The Challenges that CODATA Must Address

These issues naturally pose major questions about the way science is done and also define the major issues to which CODATA should apply itself:

  • How do we understand the deep mathematical basis of “data science” and how can we articulate this with clarity for scientists, technologists, businesses, policymakers and the public? What does it mean to be a scientist and researcher in a digital age?
  • How can we maintain the open data principle in a data-rich world to ensure that the data underlying scientific concepts are open to scrutiny and replication or invalidation?  (The danger is that data manipulation takes place within a black box that is not open to scrutiny, in which case, science ceases to be science).
  • How can we incentivize and enable the data sharing, re-use and cooperation required to efficiently use multiple data sources and to address global challenges effectively?
  • How should we exploit the capacities of machines to use learning-based algorithms to match patterns and to interpret complex information in ways that are accessible to human cognition and thereby aid and not by-pass human creativity?
  • How is cyber-security to be maximized and how is personal privacy to be respected in the use of data for research?
  • How should the interface between publicly-funded science and rapidly advancing commercial data science be stimulated and exploited?
  • How are universities, institutes and other places where science is done best encouraged to be develop proactive and creative management of their data and their support for data-intensive science?
  • How should principles and processes of data science be embedded in scientific education and training?
  • What opportunities does the digital age offer for more inclusive, democratic ways of producing scientific knowledge and in playing a transformative role in society?

A bold vision for CODATA

These major tasks require boldness, vision and organization. They are so central to the issues of data use and integrity that the credibility and relevance of CODATA would be seriously in question were it not to address them. The priorities for CODATA should be the analysis, articulation and communication of answers to these high-level questions, and engagement with the national and international bodies that have the capacity to implement them. CODATA should continue to collaborate with bodies such as the Research Data Alliance (RDA) – which works to build solutions to promote data interoperability – and with the World Data System (WDS) – which ensures that data are managed and made available for the long term – with the objective of identifying and advocating those international norms and standards for which there is a need.

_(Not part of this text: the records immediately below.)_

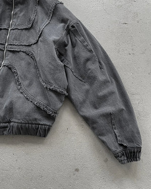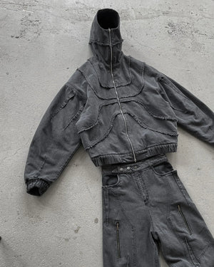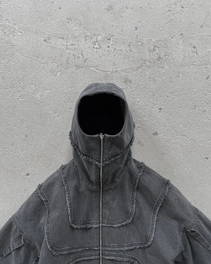 this hoodie has a unique design with a high neck that can be zipped up to cover the face, resembling a hood. The hoodie features decorative stitching and paneling that gives it an armored appearance. It also has a front zipper closure and a vintage wash, giving it a worn, retro look. Zip-up hoodies like this have become popular again
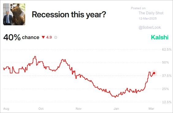 “Goldman Sachs and Moody’s Analytics in recent days joined forecasters raising alarm about the increased likelihood of an economic downturn. The warnings coincided with a market plunge touched off by U.S. tariffs against Canada, Mexico, and China, some of which were delayed. Retaliatory tariffs issued by China on Monday deepened a trade war between the world’s two largest economies.” – ABC News
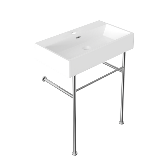DeerValley 30" Rectangular White Ceramic Console Bathroom Sink With Silver Legs and Single Faucet Hole

CODATA should be a forum to advance understanding of data-intensive science and to advocate solutions to questions that this developing science raises. It should be a means of stimulating a response to them within national science systems. It is well placed to do these things through the structures of the International Council for Science (ICSU), to which it reports, with its two orthogonal axes of membership:

  • The scientific unions in ICSU represent international science communities and articulate the principles and priorities of their disciplines. CODATA should work with them to promote understanding and change and to advocate good practice from those that have adapted to the data-intensive challenge.
  • The national representatives in ICSU are well placed to influence national scientific structures, priorities and education in data-intensive science. The work of scientists and their institutions is embedded in national systems of organization and funding to which the development of national data-intensive science needs to adapt. Collaboration with national members of ICSU will be a key in ensuring that national needs are respected whilst meshing with the international nature of science.

It will be the role of the President, working with the Executive Director and key committees to ensure that the above priorities are deeply embedded in the activities of CODATA.